Extracted information:
**********
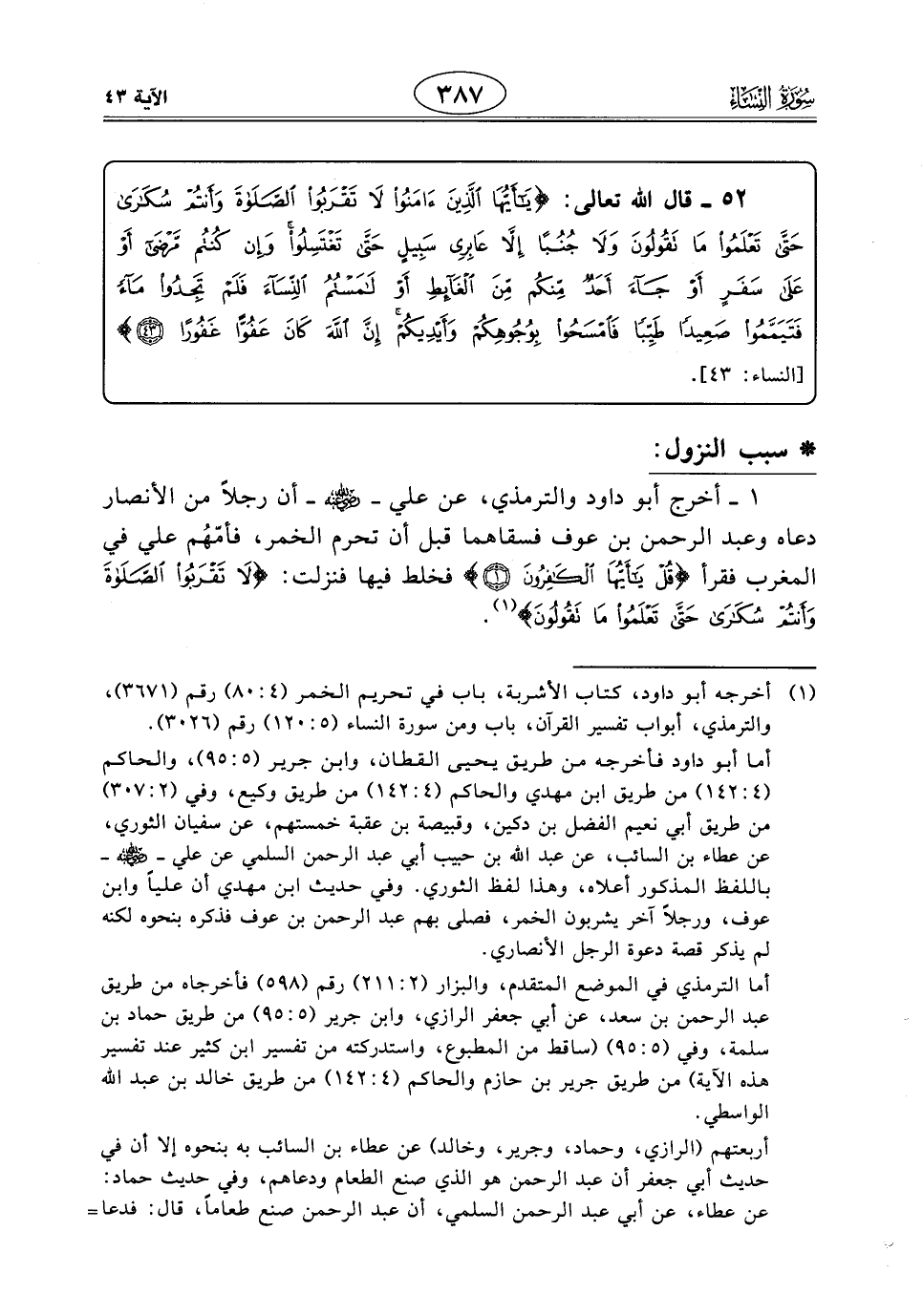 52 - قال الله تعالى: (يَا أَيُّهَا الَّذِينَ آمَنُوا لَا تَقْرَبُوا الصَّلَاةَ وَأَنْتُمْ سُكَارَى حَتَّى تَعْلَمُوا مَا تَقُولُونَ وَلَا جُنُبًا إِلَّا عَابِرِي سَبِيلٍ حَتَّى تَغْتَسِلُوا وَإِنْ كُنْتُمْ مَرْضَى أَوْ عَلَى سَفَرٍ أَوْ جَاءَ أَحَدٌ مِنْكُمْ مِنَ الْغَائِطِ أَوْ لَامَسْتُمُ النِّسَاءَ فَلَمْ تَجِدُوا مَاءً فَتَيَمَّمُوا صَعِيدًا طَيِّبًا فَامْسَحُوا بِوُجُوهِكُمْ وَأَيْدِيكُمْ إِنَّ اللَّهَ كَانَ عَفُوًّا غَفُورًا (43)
**********
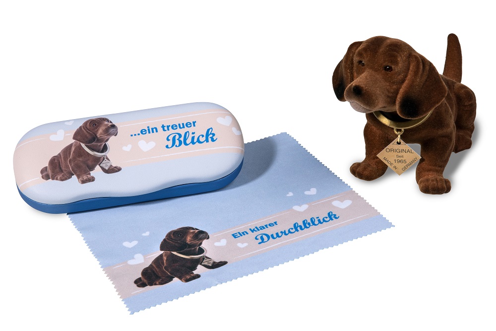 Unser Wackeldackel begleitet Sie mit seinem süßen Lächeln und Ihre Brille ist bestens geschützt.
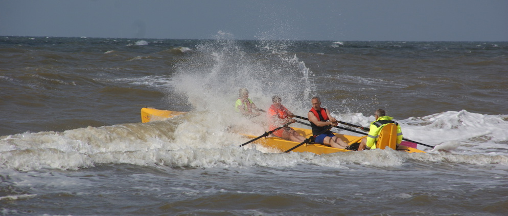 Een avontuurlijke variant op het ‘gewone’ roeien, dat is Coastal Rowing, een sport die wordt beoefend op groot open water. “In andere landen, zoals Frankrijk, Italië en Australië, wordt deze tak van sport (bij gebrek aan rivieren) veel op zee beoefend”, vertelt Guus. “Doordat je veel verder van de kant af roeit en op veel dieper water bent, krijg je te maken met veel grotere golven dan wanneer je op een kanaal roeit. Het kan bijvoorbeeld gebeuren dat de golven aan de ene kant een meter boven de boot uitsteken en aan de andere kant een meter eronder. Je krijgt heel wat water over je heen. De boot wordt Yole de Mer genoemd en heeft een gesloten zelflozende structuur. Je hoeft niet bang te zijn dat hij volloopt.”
**********
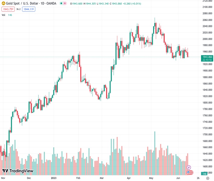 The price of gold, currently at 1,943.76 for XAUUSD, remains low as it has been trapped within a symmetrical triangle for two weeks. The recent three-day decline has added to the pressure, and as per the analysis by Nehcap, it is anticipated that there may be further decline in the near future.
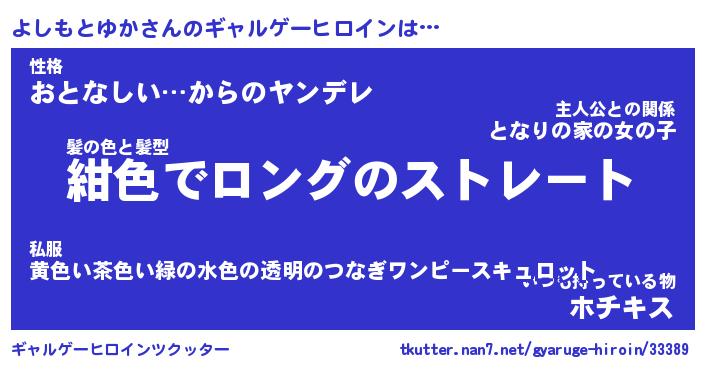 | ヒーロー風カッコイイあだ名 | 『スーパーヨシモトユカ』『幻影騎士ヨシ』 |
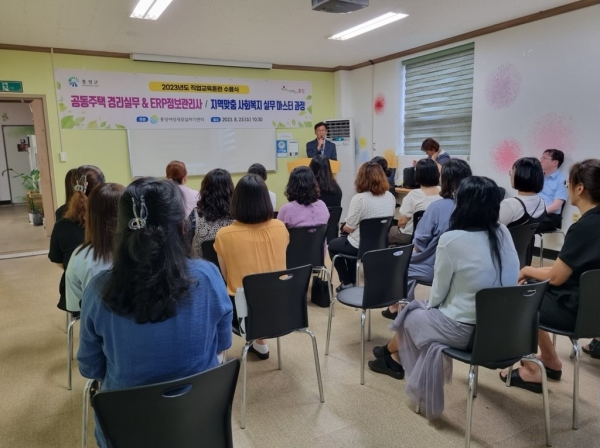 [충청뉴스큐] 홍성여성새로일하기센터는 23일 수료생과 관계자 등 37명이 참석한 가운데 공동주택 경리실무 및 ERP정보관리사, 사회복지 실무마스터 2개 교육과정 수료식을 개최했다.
**********
Problem to solve: Beginning with the line above that contains "ヒーロー風カッコイイあだ名 | 『スーパーヨシモトユカ』『幻影騎士ヨシ』 |" and finishing with the line that contains "[충청뉴스큐] 홍성여성새로일하기센터는 23일", print those lines exactly and only. Skip all pictures.

Finished task:
 | ヒーロー風カッコイイあだ名 | 『スーパーヨシモトユカ』『幻影騎士ヨシ』 |
 [충청뉴스큐] 홍성여성새로일하기센터는 23일 수료생과 관계자 등 37명이 참석한 가운데 공동주택 경리실무 및 ERP정보관리사, 사회복지 실무마스터 2개 교육과정 수료식을 개최했다.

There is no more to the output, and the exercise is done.